▶ Your task
Could you transcribe all the entries exactly, omitting the pictures?

(Collected data)
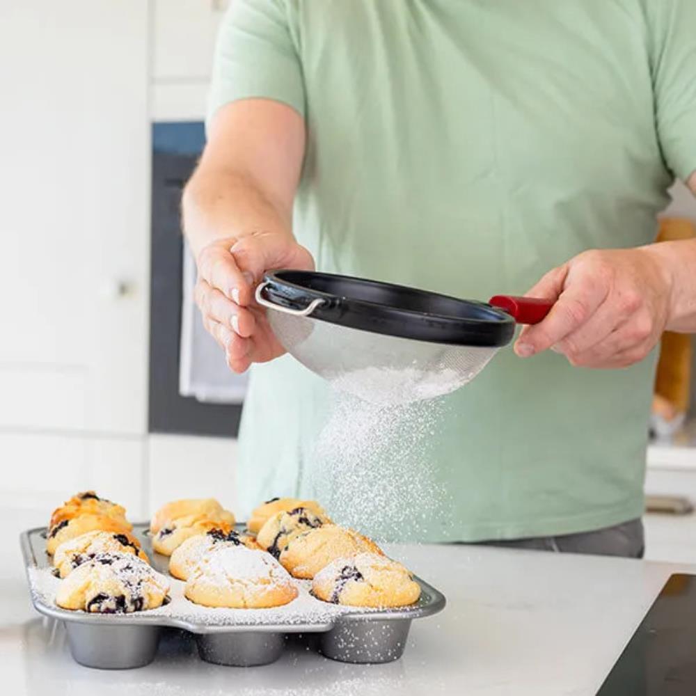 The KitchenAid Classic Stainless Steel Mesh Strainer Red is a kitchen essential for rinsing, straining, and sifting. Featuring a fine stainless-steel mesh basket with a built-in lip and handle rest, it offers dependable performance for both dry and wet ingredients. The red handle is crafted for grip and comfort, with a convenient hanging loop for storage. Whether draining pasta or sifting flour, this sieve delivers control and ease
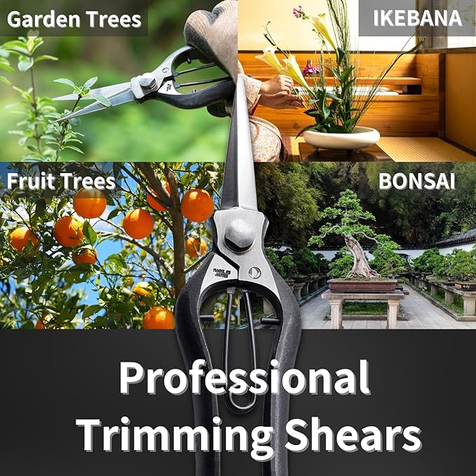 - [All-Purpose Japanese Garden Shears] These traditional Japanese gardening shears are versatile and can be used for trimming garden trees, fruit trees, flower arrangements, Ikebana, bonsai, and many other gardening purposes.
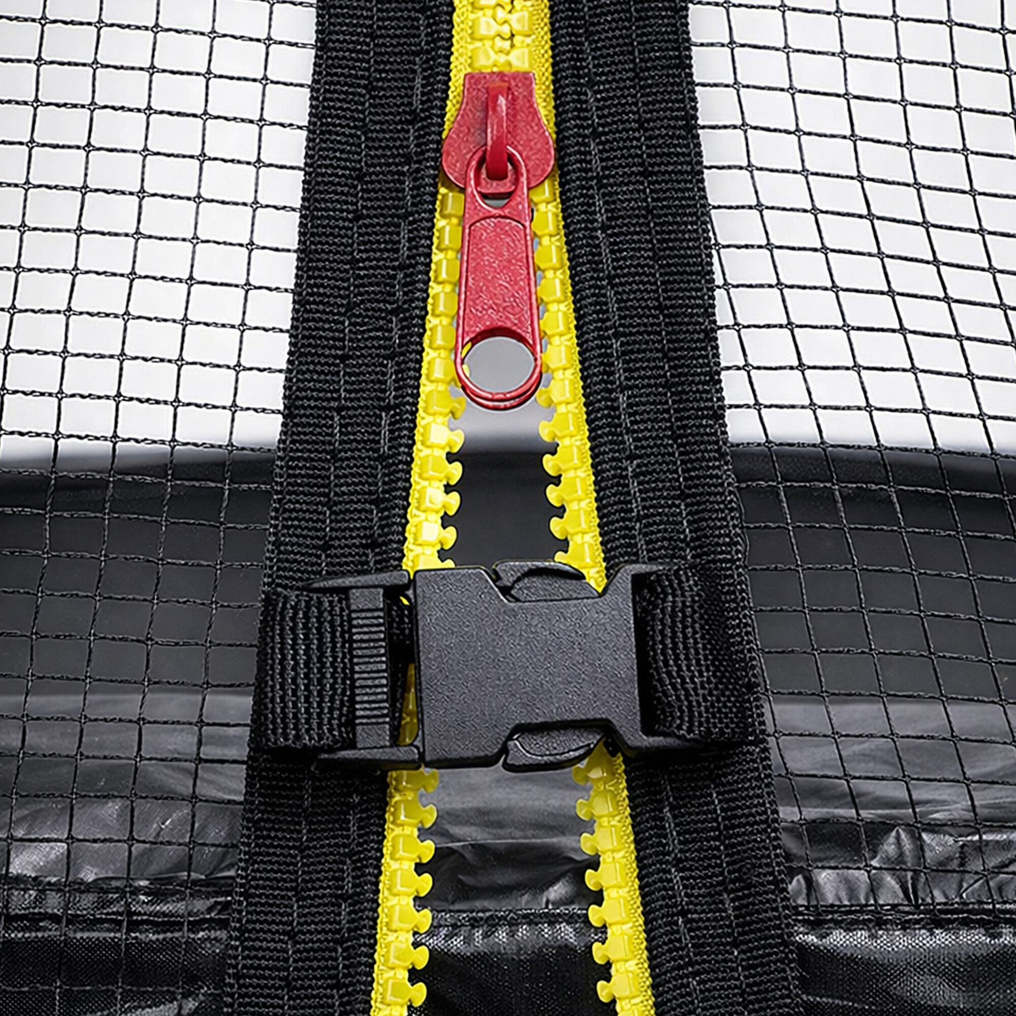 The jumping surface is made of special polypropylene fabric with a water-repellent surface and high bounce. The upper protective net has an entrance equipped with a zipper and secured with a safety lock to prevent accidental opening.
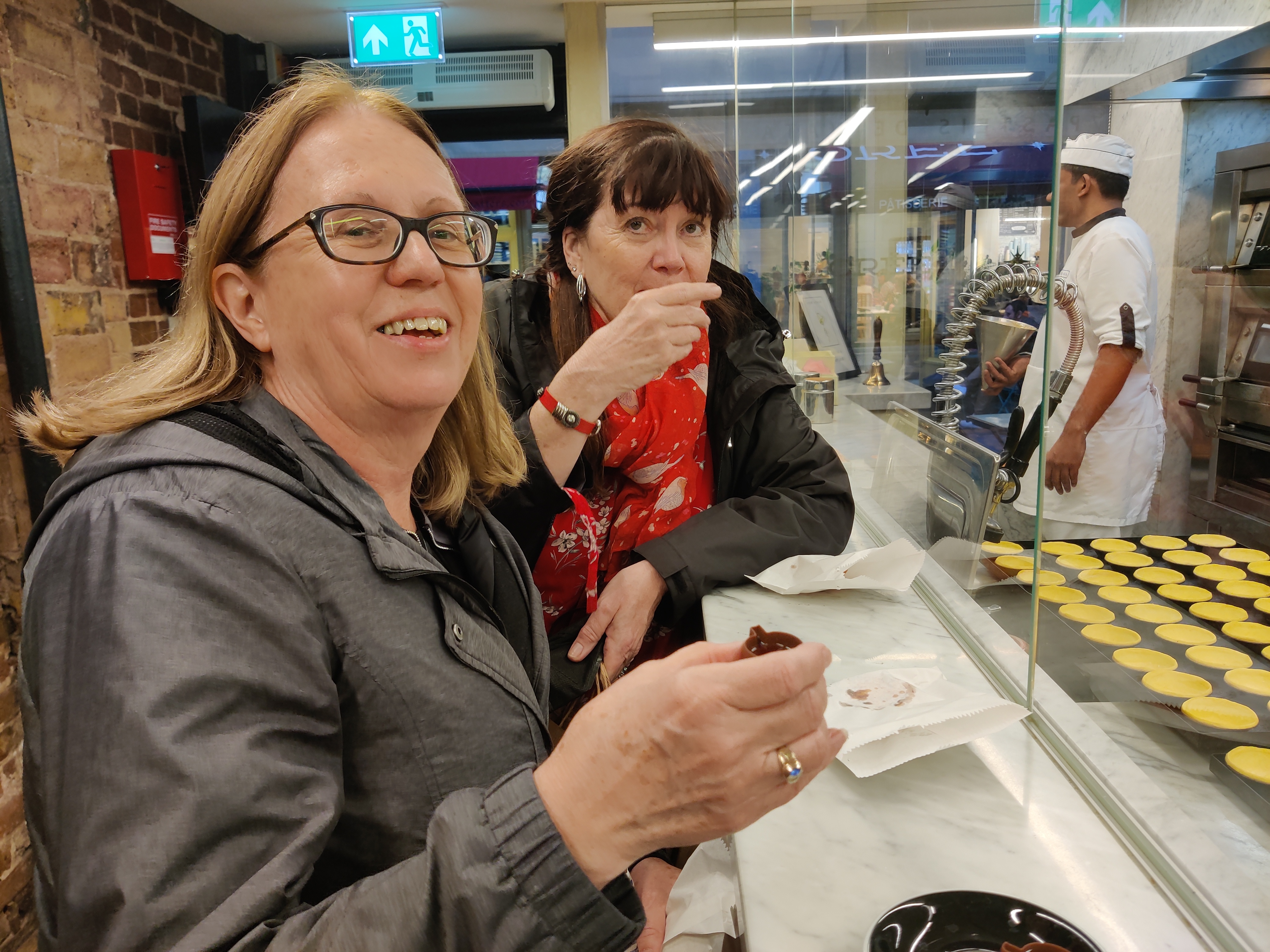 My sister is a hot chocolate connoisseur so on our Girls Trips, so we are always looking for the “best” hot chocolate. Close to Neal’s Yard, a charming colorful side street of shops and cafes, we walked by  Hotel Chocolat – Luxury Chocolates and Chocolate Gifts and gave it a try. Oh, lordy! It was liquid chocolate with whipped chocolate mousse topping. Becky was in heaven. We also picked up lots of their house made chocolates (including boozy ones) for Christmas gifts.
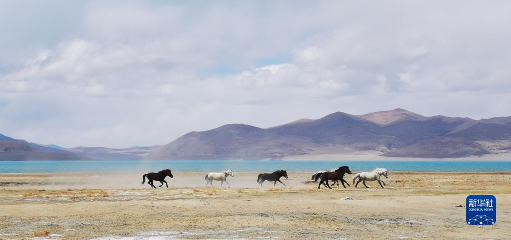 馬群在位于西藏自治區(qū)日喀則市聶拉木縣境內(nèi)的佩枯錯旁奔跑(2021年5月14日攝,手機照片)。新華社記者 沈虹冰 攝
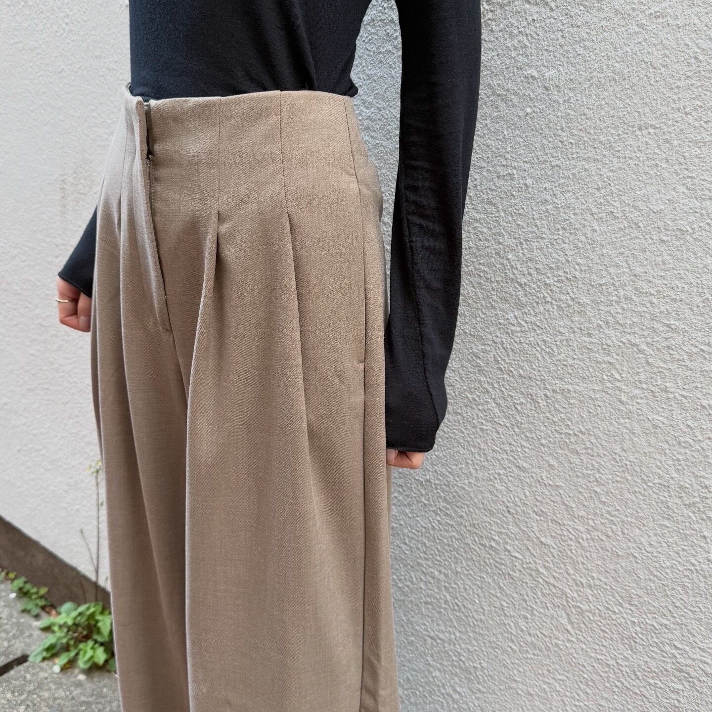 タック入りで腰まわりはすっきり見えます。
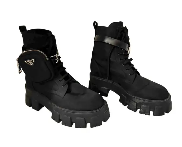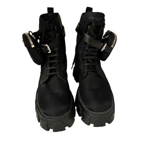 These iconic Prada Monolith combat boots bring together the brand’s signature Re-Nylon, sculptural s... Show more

▶ Task response
 The KitchenAid Classic Stainless Steel Mesh Strainer Red is a kitchen essential for rinsing, straining, and sifting. Featuring a fine stainless-steel mesh basket with a built-in lip and handle rest, it offers dependable performance for both dry and wet ingredients. The red handle is crafted for grip and comfort, with a convenient hanging loop for storage. Whether draining pasta or sifting flour, this sieve delivers control and ease
 - [All-Purpose Japanese Garden Shears] These traditional Japanese gardening shears are versatile and can be used for trimming garden trees, fruit trees, flower arrangements, Ikebana, bonsai, and many other gardening purposes.
 The jumping surface is made of special polypropylene fabric with a water-repellent surface and high bounce. The upper protective net has an entrance equipped with a zipper and secured with a safety lock to prevent accidental opening.
 My sister is a hot chocolate connoisseur so on our Girls Trips, so we are always looking for the “best” hot chocolate. Close to Neal’s Yard, a charming colorful side street of shops and cafes, we walked by  Hotel Chocolat – Luxury Chocolates and Chocolate Gifts and gave it a try. Oh, lordy! It was liquid chocolate with whipped chocolate mousse topping. Becky was in heaven. We also picked up lots of their house made chocolates (including boozy ones) for Christmas gifts.
 馬群在位于西藏自治區(qū)日喀則市聶拉木縣境內(nèi)的佩枯錯旁奔跑(2021年5月14日攝,手機照片)。新華社記者 沈虹冰 攝
 タック入りで腰まわりはすっきり見えます。
 These iconic Prada Monolith combat boots bring together the brand’s signature Re-Nylon, sculptural s... Show more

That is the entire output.